A dire il vero, Aristotele parlava di un tipo di amicizia che si realizza proprio nella coltivazione comune di ciò che è più alto, ma non è chiaro come imparare a praticarla. E se, invece, l’amicizia e la fiducia fossero da coltivare altrove, così che da lì possano nutrire un modo di entrare nei contesti dove prevale la responsabilità limitata, capace di coinvolgimento e di creatività, ma non privo di prudenza?
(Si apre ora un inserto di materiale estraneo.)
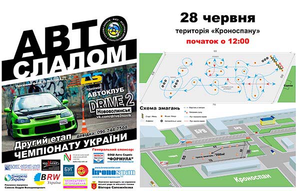 Нагадаємо, що 28 червня (неділя) в нашому місті відбудеться другий етап Чемпіонату України з автослалому. Початок о 12:00, місце проведення змагань – територія заводу «Кроноспан» (автостоянка). До Нововолинська з’їдуться любителі автоспорту зі всієї країни.
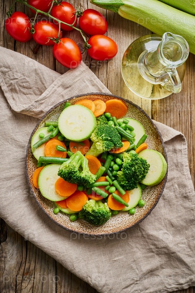Смесь отварных овощей, паровых овощей для диетического низкокалорийного питания. Брокколи, морковь, цветная капуста, вид сверху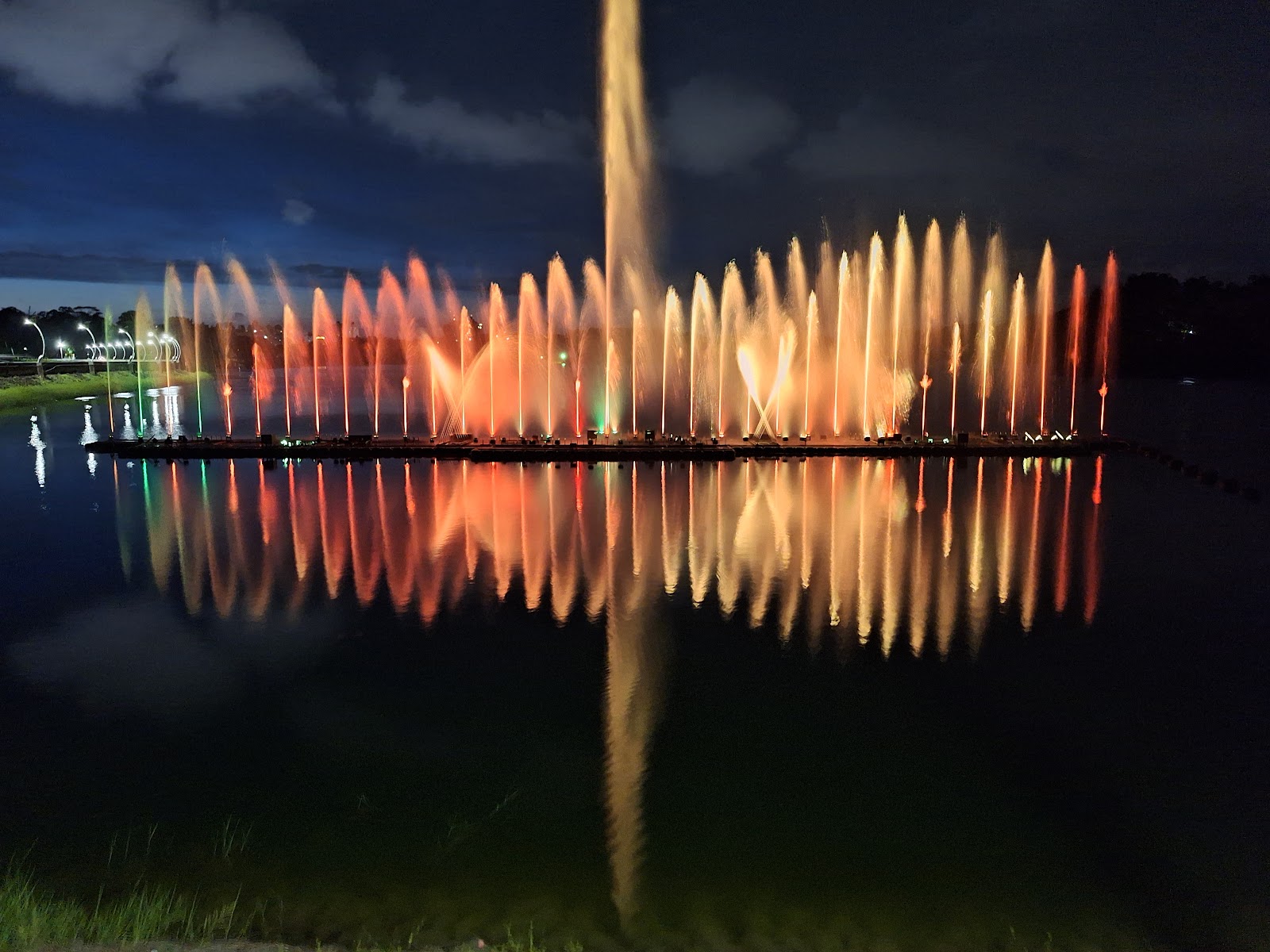 蘭潭上的水舞表演,各用中、日、英作介紹廣播。噴水配合音樂映在水面上,附近走走散步,是晚上休閒好去處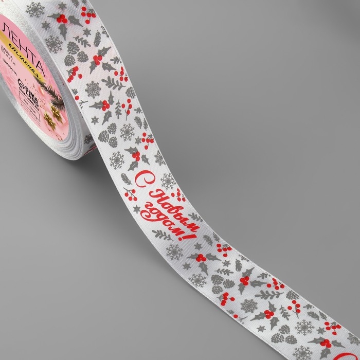Новый год! Лента атласная «С Новым годом!», 25 мм, 23 ± 1 м, цвет белый/красный №001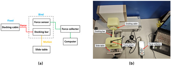 The measurement principle and experimental setup used to assess the impact force on the docking rod are illustrated in Figure 18. The docking module is securely mounted on a fixed platform. The docking rod is installed within a structural fixture positioned above a sliding table and placed in close contact with a force sensor. During the docking process, the sliding table is driven forward to simulate the motion of the docking rod. The force sensor captures the resulting impact forces on the docking rod, which are processed by a data acquisition system and transmitted to a computer for recording and analysis.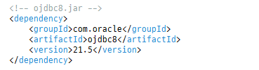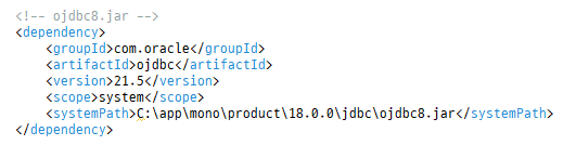 pom.xml 파일의 ojdbc.jar 설정은 <scope>에 system으로 설정되어 있고 <systemPath>에 파일의 실제 경로를 적어줍니다.
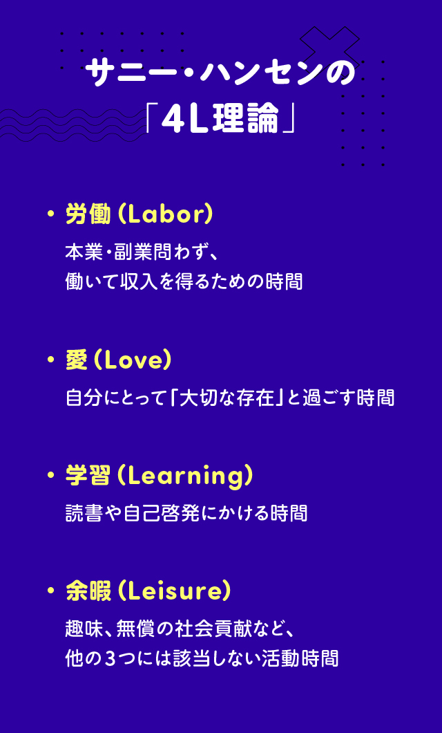 佐藤 キャリア形成をカジュアルに考えるきっかけとして、キャリア開発とライフ・プランニングを融合させた「統合的生涯設計理論」で知られるミネソタ大学のサニー・ハンセン名誉教授が提唱する「4L理論」が役立ちそうです。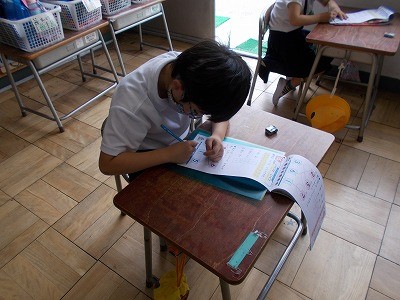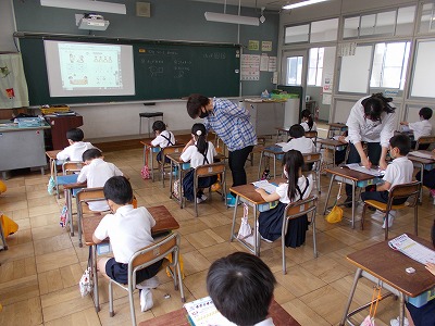 今日は1年生が算数で「いくつといくつ」の授業を行いました。「10をつくってあそぼう」というゲームを行った後、計算ドリルでおさらいをしました。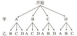 一共有$12$种等可能的结果$,$其中乙选中球拍$C$的结果有$3$种$.$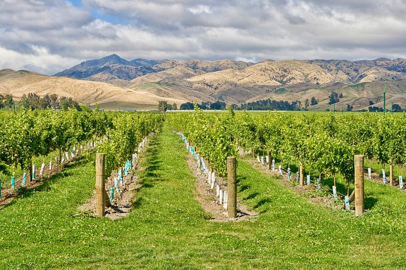 Weinberg mit Blick auf eine Bergkette in Marlborough, Neuseeland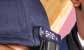 jogging bottoms, light coloured trainers and dark coloured gloves.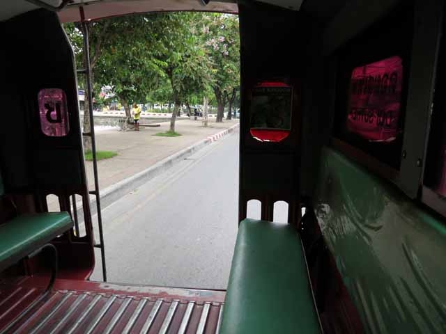 チェンマイに2週間ほど滞在してトゥクトゥクにも数多く乗りましたが、ソンテオのほうがいつも気持ち良く乗れました。旅行前は何と... 続きを読むなく交渉がめんどくさそうとか行先が違ったらなんて考えていましたが、道路の左側を歩いていると後ろから軽くクラクションを鳴らして徐行してくれます。(左側を歩くことがポイントです。)行先を伝えると頭の中でルートを考えて余程とんちんかんな場所でない限り乗せてくれるでしょう。料金を吹っかけられたことは一度もありませんでした。降りるところが近づくと運転席から合図してくれるのでいつも安心でした。トゥクトゥクで「イーパイ!(中国語で100)」なんて吹っかけられるトゥクトゥクよりよっぽどチェンマイを感じることが出来ると思います。 閉じる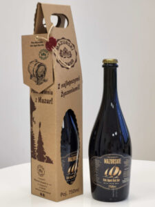 W prezentowym pudełku Red Wine Barrel Aged – to Mazurskie Ale Czerwony czyli wyjątkowo bogate piwo chmielone na zimno z dodatkiem amerykańskich odmian chmieli Chinook i Cascade, uwarzone w stylu American Amber Ale. Zdobywca trzech brązowych medali: w European Beer Challenge 2021r., Kraft Roku w 2017r.i w 2021r.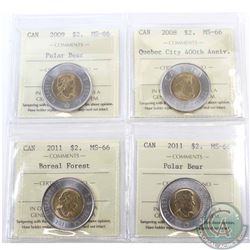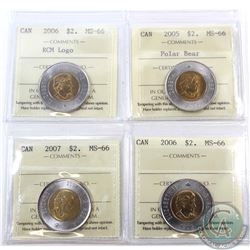 Loon $1 2005 Terry Fox, 2008 Olympic, 2009 Montreal 100th Anniversary & 2010 Navy ICCS Certified MS-66. 4pcs

Rileggendo il saggio di Luisa Muraro, Partire da sé e non farsi trovare, mi ha colpito in proposito questa frase: «Quello che devo saper fare sono i conti con la realtà, me compresa, e farli bene». Qui si allude alla possibilità di un conto in cui possano trovare misteriosamente posto anche quelle figure dell’incalcolabile che sono il desiderio e gli ideali (o beni comuni). Quel desiderio, grande ma intimo, che impari a riconoscere entro le relazioni di fiducia, nominarlo e giocarlo poi anche in altre relazioni, di cui accetti la differenza proprio nello stesso momento in cui resisti a che divengano a responsabilità limitata. Penso sia questa contrattazione sapiente la via difficile e stretta che mi indica Muraro.


Introduzione alla redazione aperta di Via Dogana 3 La scommessa del partire da sé, tenutasi il 10 marzo 2024.